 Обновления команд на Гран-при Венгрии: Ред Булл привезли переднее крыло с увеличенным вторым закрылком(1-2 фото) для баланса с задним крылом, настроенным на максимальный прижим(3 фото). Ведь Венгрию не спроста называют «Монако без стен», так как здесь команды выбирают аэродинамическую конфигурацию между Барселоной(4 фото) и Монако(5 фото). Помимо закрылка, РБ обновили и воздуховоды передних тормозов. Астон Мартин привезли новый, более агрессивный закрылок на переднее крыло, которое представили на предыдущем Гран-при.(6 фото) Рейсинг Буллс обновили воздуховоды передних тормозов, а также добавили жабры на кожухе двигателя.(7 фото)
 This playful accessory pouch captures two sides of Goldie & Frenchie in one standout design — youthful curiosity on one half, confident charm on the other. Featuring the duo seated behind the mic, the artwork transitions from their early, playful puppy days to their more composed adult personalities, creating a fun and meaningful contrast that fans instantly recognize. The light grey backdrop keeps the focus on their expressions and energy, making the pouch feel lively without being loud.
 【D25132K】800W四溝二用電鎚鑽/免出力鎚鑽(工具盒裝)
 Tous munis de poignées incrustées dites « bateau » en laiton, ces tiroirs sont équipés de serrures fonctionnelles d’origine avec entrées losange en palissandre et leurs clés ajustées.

==

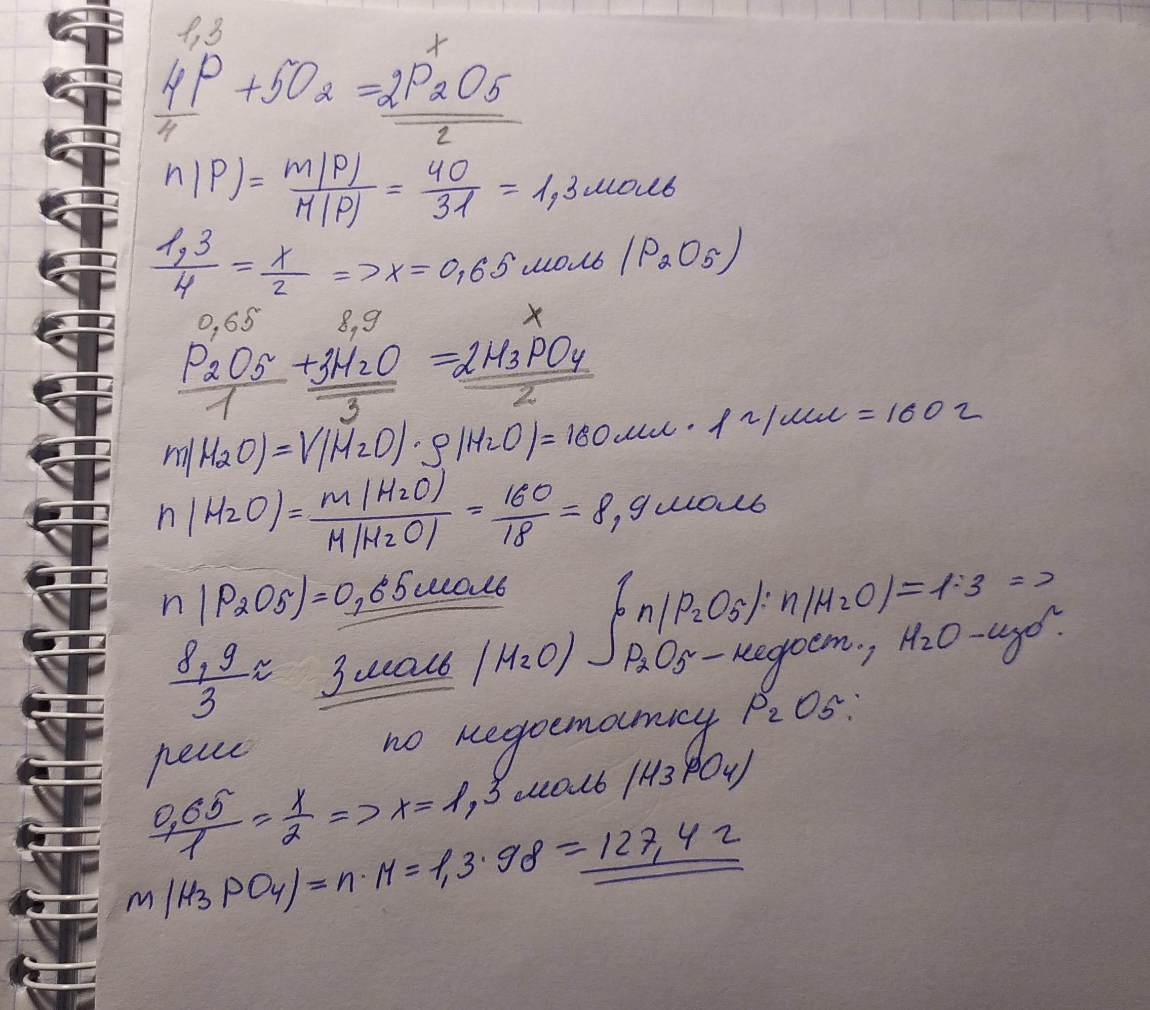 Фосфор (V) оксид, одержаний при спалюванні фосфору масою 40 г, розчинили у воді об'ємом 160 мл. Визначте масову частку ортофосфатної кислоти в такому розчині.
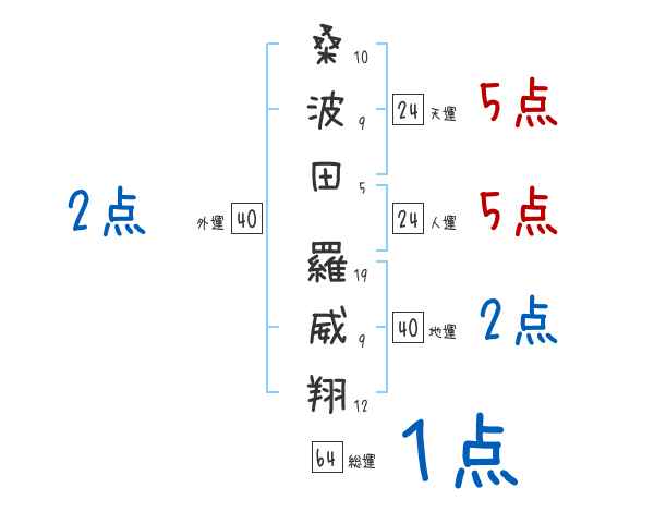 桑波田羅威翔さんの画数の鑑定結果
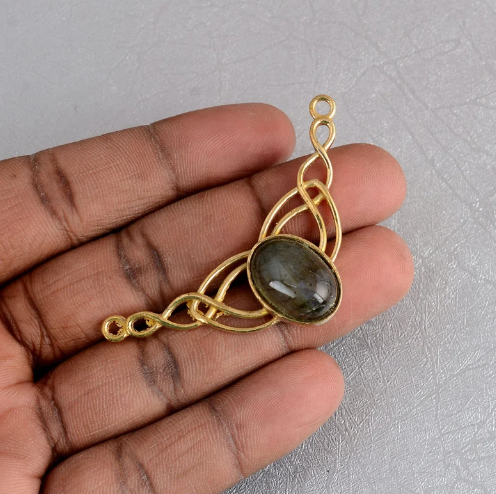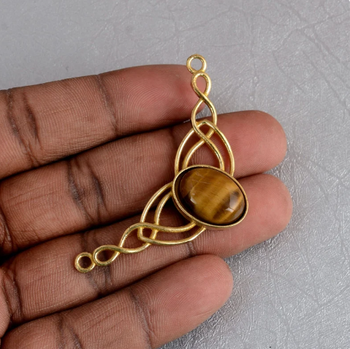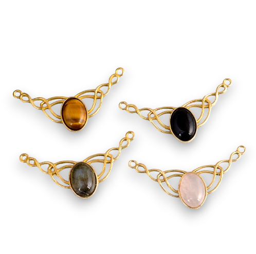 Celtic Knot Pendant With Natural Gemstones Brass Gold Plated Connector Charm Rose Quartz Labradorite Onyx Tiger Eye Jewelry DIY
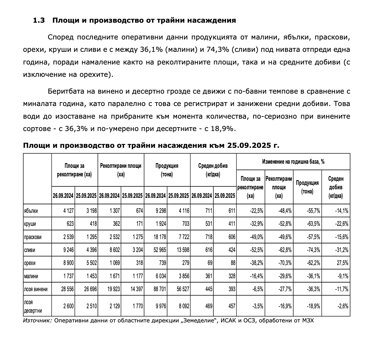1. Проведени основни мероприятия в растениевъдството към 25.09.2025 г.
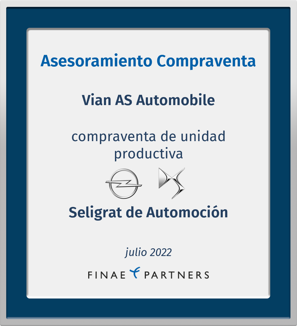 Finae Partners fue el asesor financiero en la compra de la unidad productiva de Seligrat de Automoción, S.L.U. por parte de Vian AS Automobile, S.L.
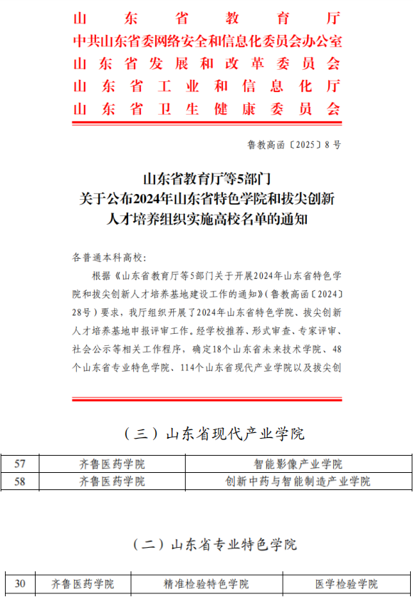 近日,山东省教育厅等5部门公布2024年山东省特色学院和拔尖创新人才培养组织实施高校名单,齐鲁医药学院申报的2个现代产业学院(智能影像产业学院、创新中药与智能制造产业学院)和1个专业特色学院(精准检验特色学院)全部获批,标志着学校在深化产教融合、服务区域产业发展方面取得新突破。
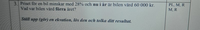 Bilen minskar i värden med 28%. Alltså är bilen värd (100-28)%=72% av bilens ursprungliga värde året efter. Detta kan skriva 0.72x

* * *

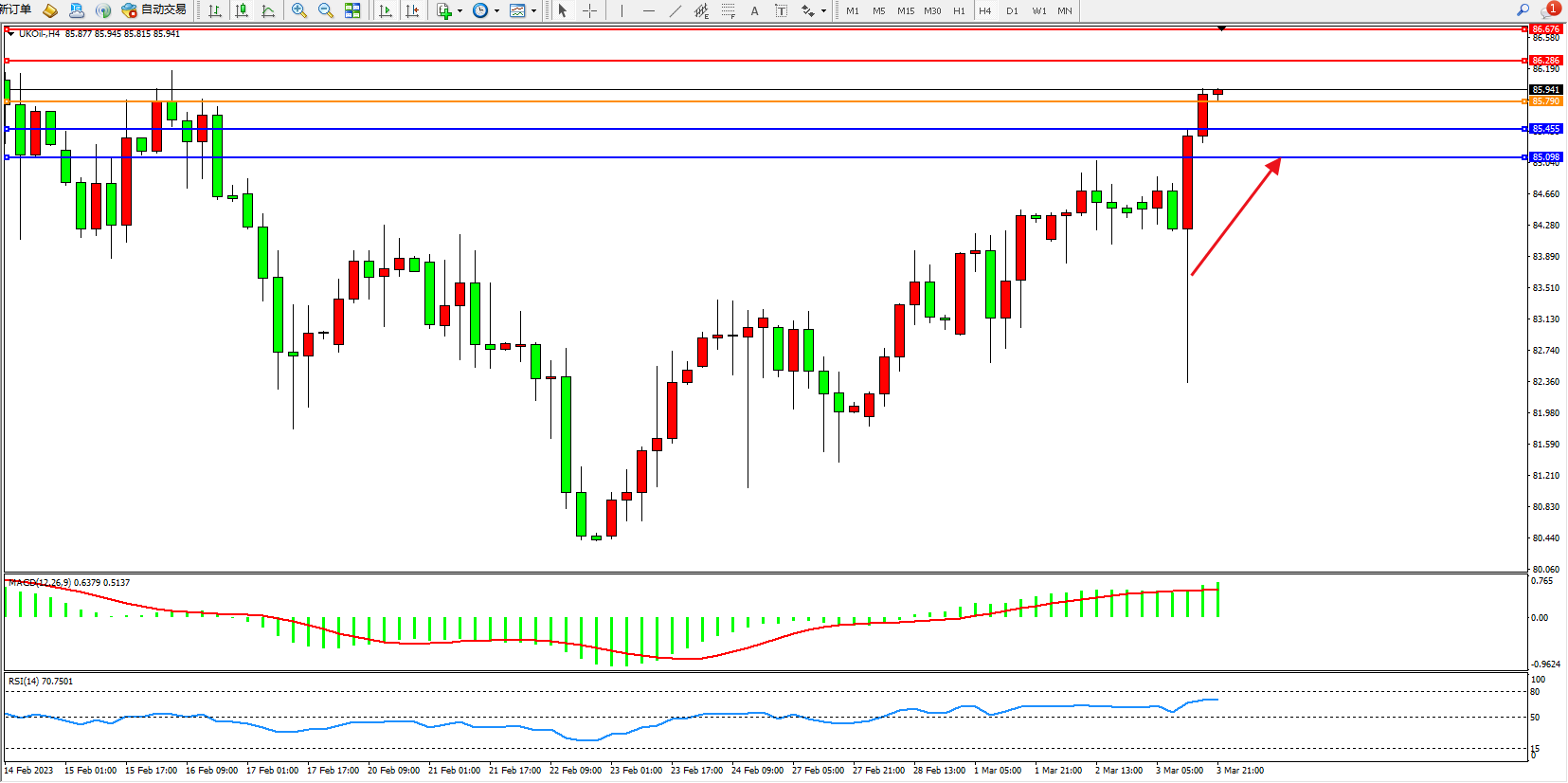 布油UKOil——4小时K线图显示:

Your task ▸ Skipping the pictures, print the lines in the listing above exactly as written, starting at the line with "近日,山东省教育厅等5部门公" and ending at the line with "Bilen minskar i", both included.

Exercise response ▸
 近日,山东省教育厅等5部门公布2024年山东省特色学院和拔尖创新人才培养组织实施高校名单,齐鲁医药学院申报的2个现代产业学院(智能影像产业学院、创新中药与智能制造产业学院)和1个专业特色学院(精准检验特色学院)全部获批,标志着学校在深化产教融合、服务区域产业发展方面取得新突破。
 Bilen minskar i värden med 28%. Alltså är bilen värd (100-28)%=72% av bilens ursprungliga värde året efter. Detta kan skriva 0.72x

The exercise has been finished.